Il gesto di Acerbi, il suo atteggiamento e le sue parole post-assoluzione denotano solamente una cosa: il sentirsi superiori rispetto a un’idea di razzismo astratta e legata ad aneddoti estremi. Il suo affermare “il mio idolo era George Weah, e quando mi fu trovato il tumore ricevetti una telefonata a sorpresa da lui che ancora oggi mi emoziona” è la più classica delle affermazioni di chi è intrinsecamente razzista ma che, probabilmente, non ha percezione di ciò. È la versione rivisitata di: “ho tanti amici neri”! Ma questo non basta perché il razzismo in Italia è la norma. La nostra quotidianità è piena di racconti e di dati che ci dicono che le persone nere in Italia subiscono discriminazioni di vario genere ogni giorno, che sono vittime di micro aggressioni, di commenti razzisti, di sguardi e battute.
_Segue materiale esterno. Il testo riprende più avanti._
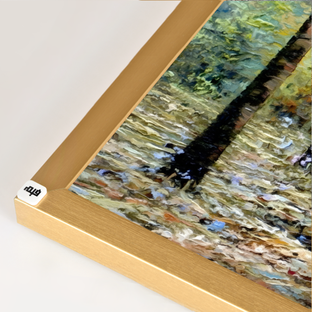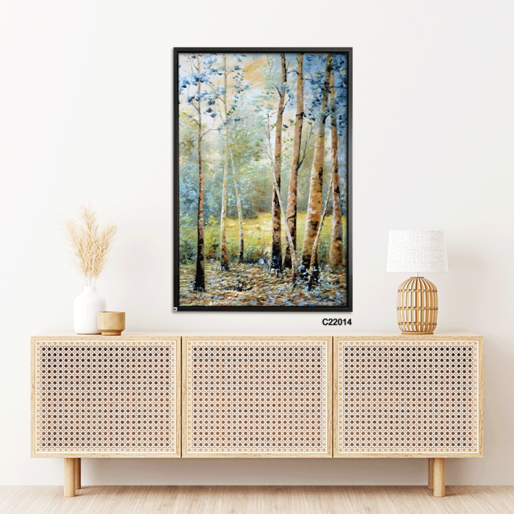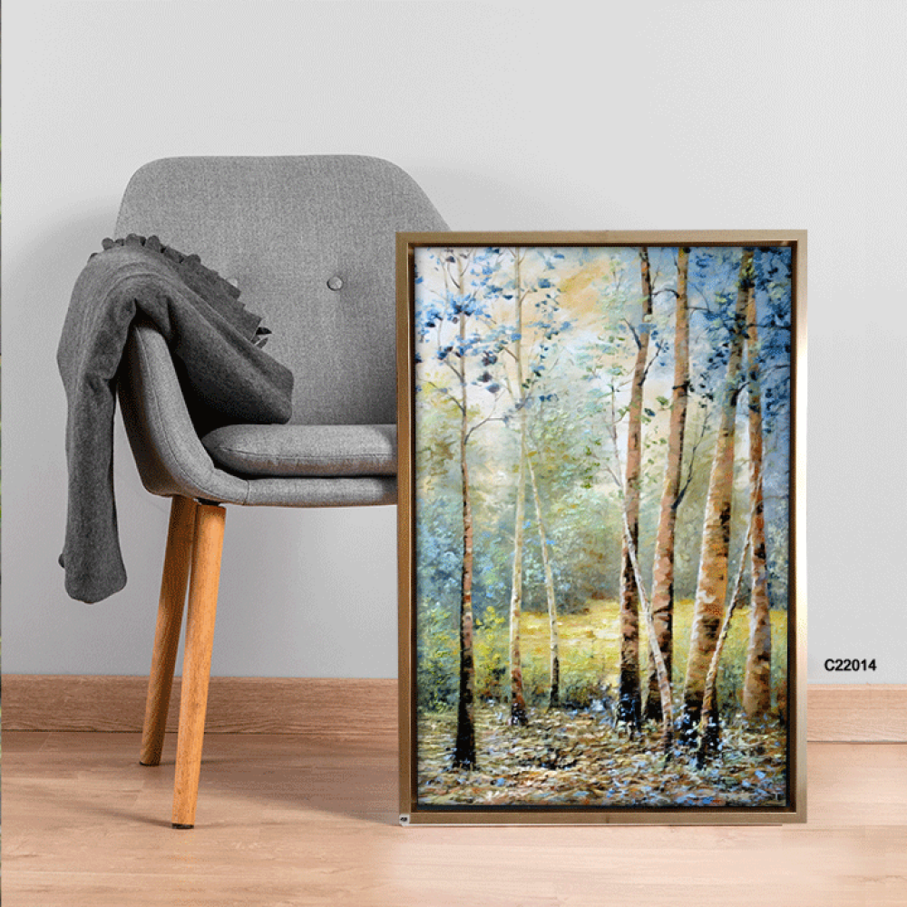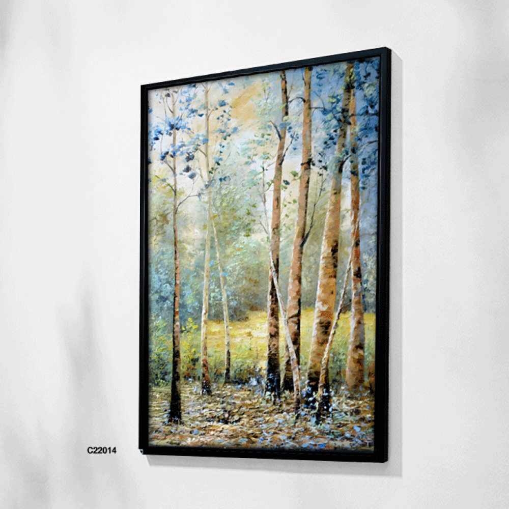 لوحة جدارية كانفس ورد وأغصان شجر تدرجات الأخضر والأزرق مع البني والبيج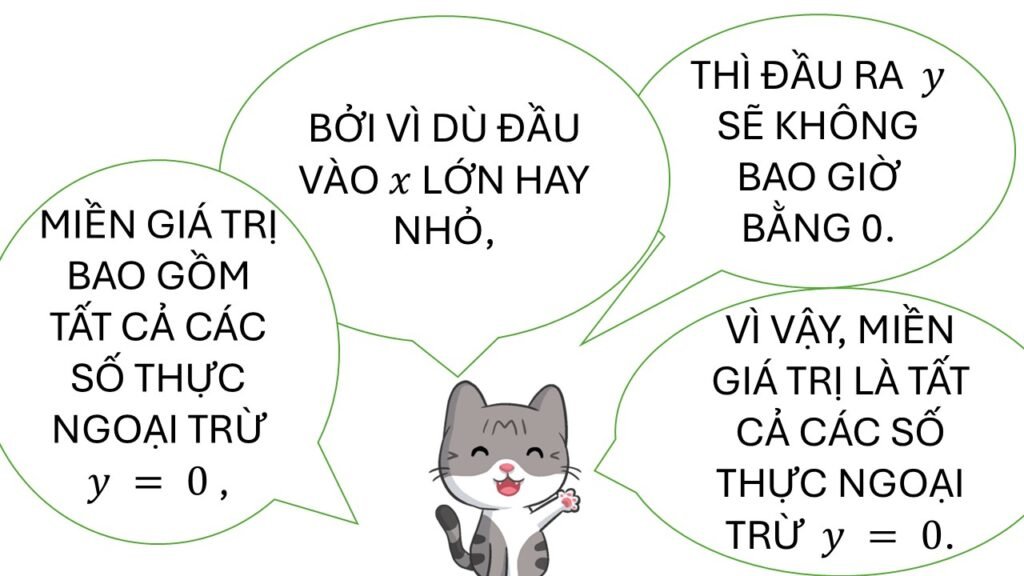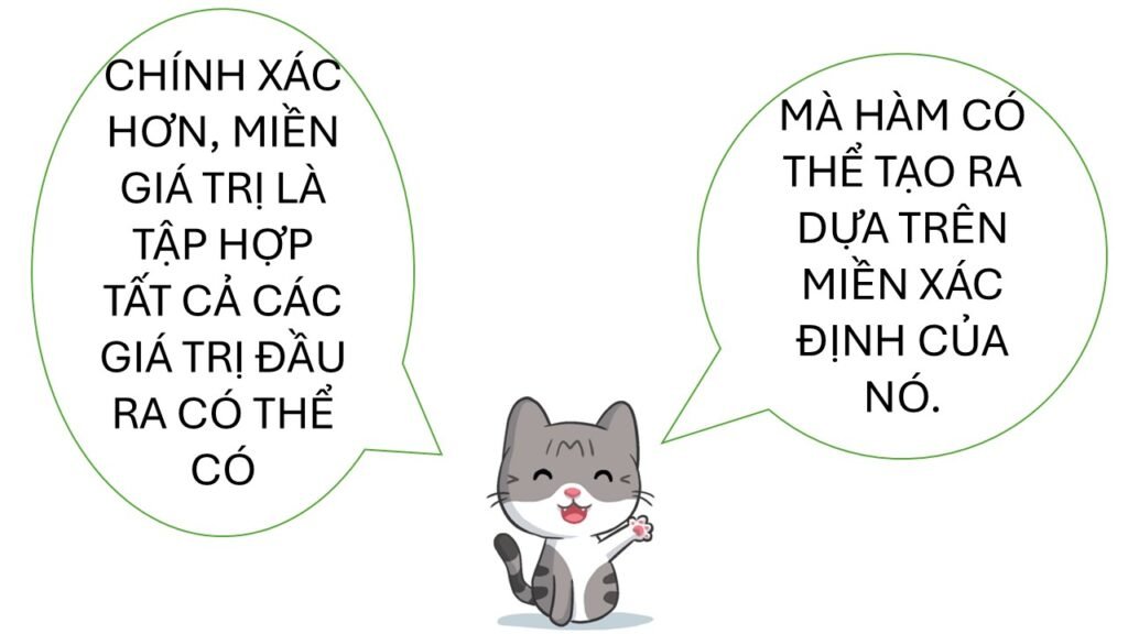 - Miền giá trị là tập hợp tất cả các giá trị y = f(x) mà hàm số có thể nhận khi x chạy trong miền xác định.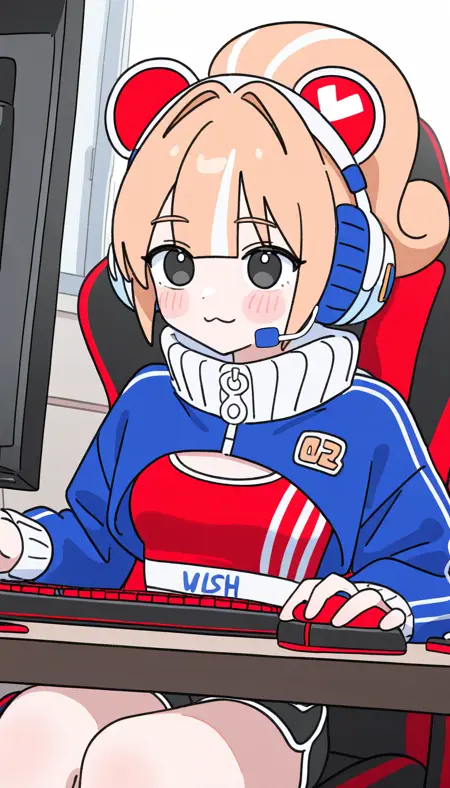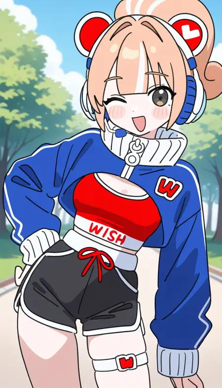 AddmiOutfit, blue cropped jacket with "01" printed, red sports bra with "WISH" printed, black dolphin shorts with red waist bow, white thigh strap, loose socks, sneakers, zipper, zipper pull tab, turtleneck
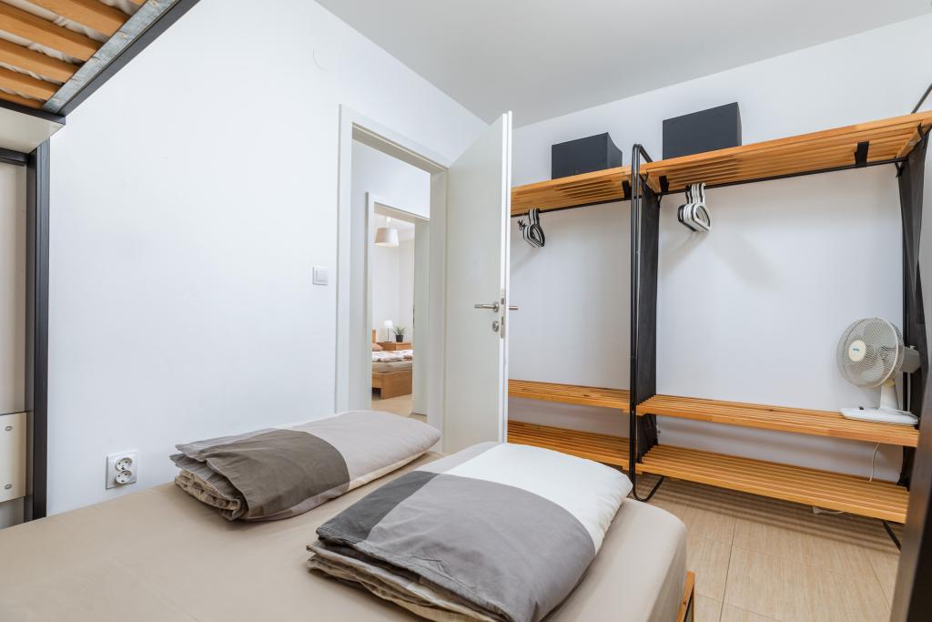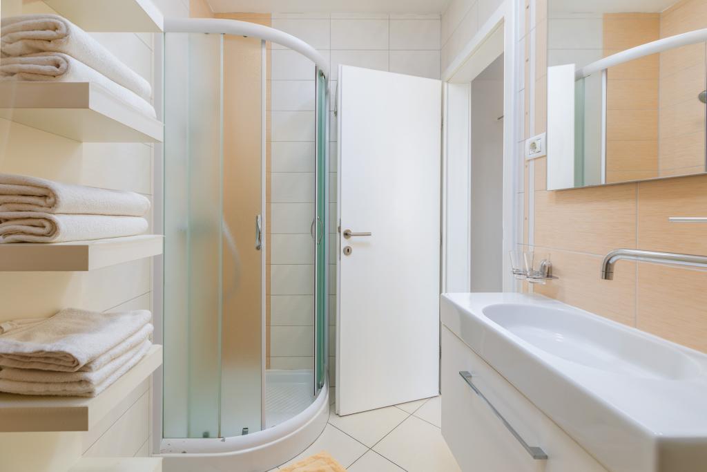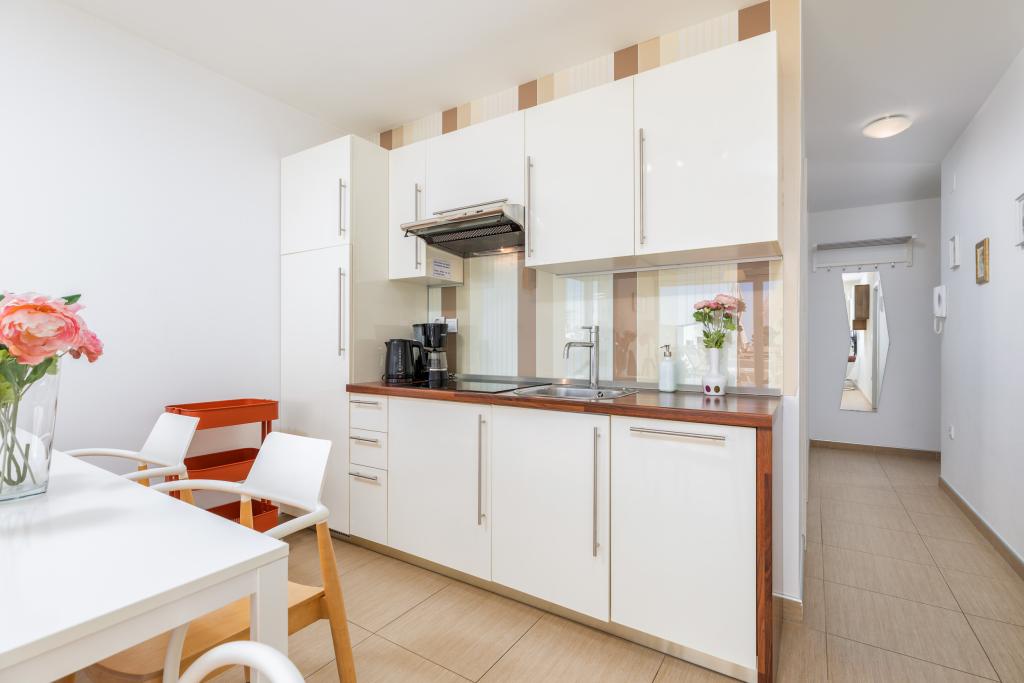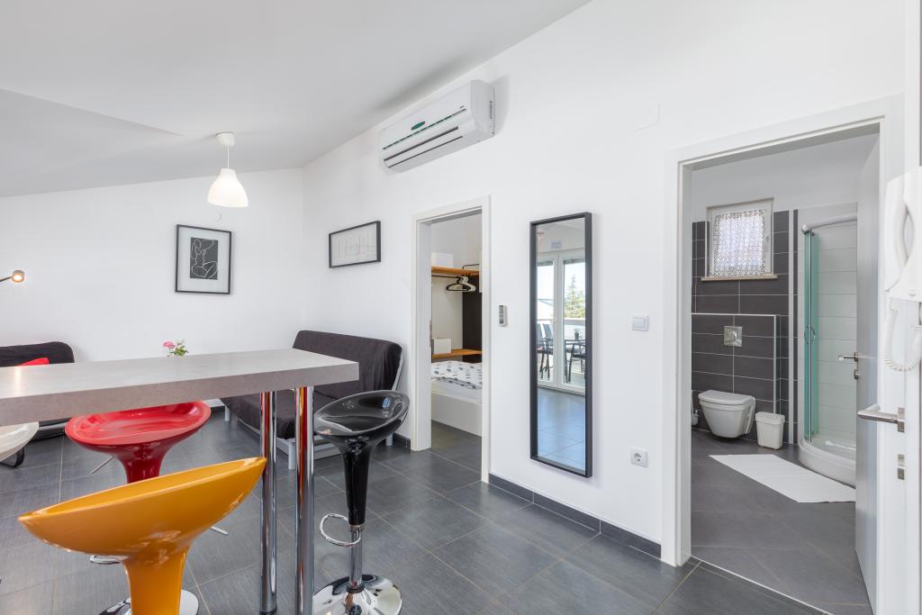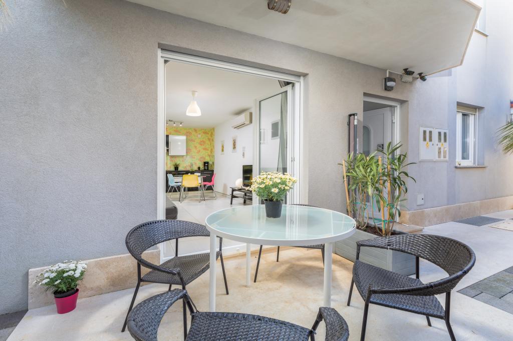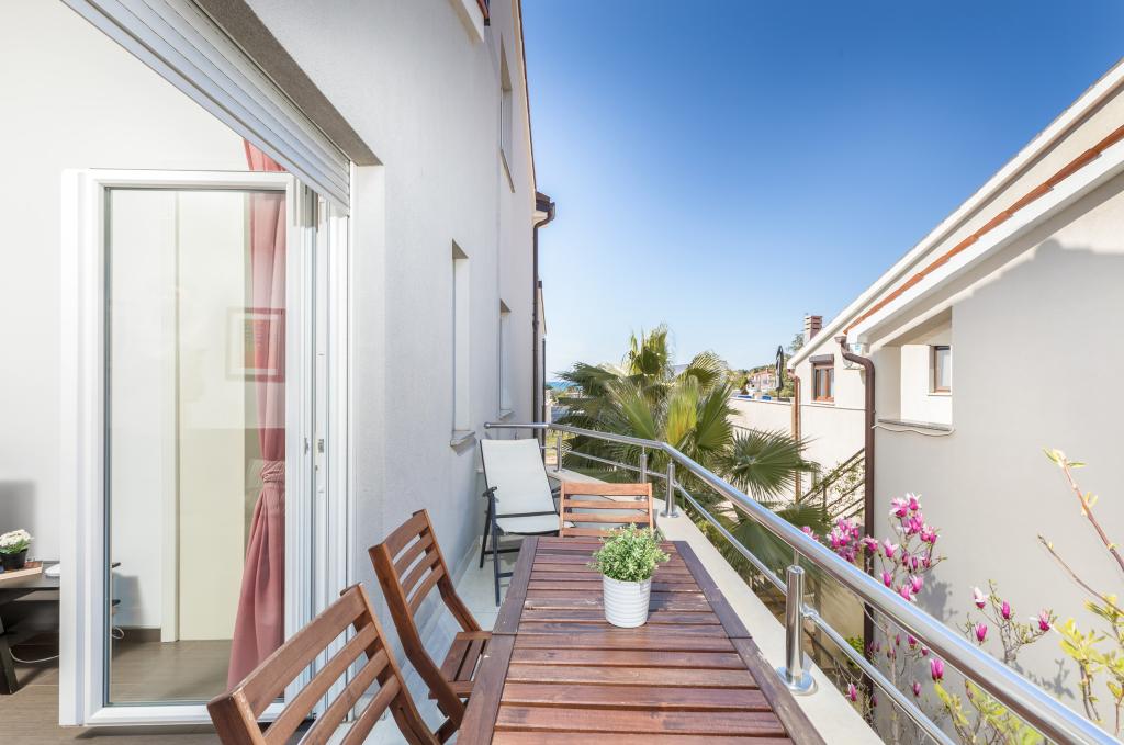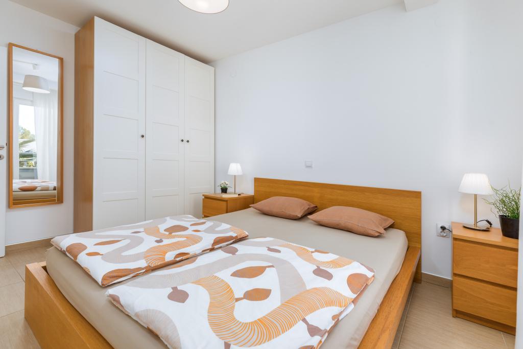 We haven't been in such a beautiful, well-equipped, stylish apartment for a long time. At every turn, it can be seen that the owner has thought of all the little things that everyone needs to enjoy this apartment. Two air conditioners, all rooms have shutters, large cabinets and plenty of storage space. They even have a fire extinguisher. The bathroom has a quality shower and has an additional space heater. There were also quality towels. Kitchen, unique. A large set of quality containers and a large set of plates. Jars for every occasion and a large set of cutlery. Contains a dishwasher with dishwasher tablets. In short, the kitchen is as equipped as at home. On the terrace are all chairs, table, deck chairs and umbrellas in the same style. The apartment is as beautiful as if it had been designed by a professional interior architect. The surroundings of the apartment are also very beautiful. Each apartment has an intercom. Warmly recommended to anyone who likes to live or sleep in a beautiful and clean apartment.

Valutare il gesto di Acerbi rispetto a questo contesto, forse, sarebbe stato molto più utile e probabilmente ci avrebbe anche permesso di progredire come società, di acquisire maggiore consapevolezza di un fenomeno in continua espansione, avrebbe creato dei nuovianticorpi e avrebbe evitato di rafforzare l’idea che Juan Jesus si sia inventato tutto o che peggio ancora abbia frainteso una “normale” offesa di campo con un’offesa razzista! Se questa situazione è capitata a un personaggio come Juan Jesus con mezzi e voce per farsi sentire, immaginiamo cosa potrebbe significare questo per le persone comuni con meno possibilità e visibilità, ma con molto più bisogno di riscattare quell’ingiustizia. Ed è per questo che dal caso Acerbi – Juan Jesus ne usciamo sconfittə e – paradossalmente – più razzistə di prima avendo rimarcato un concetto che possiamo riassumere così: sei sei nero e ti insultano, non ti scomodare a denunciare, non è nulla di grave!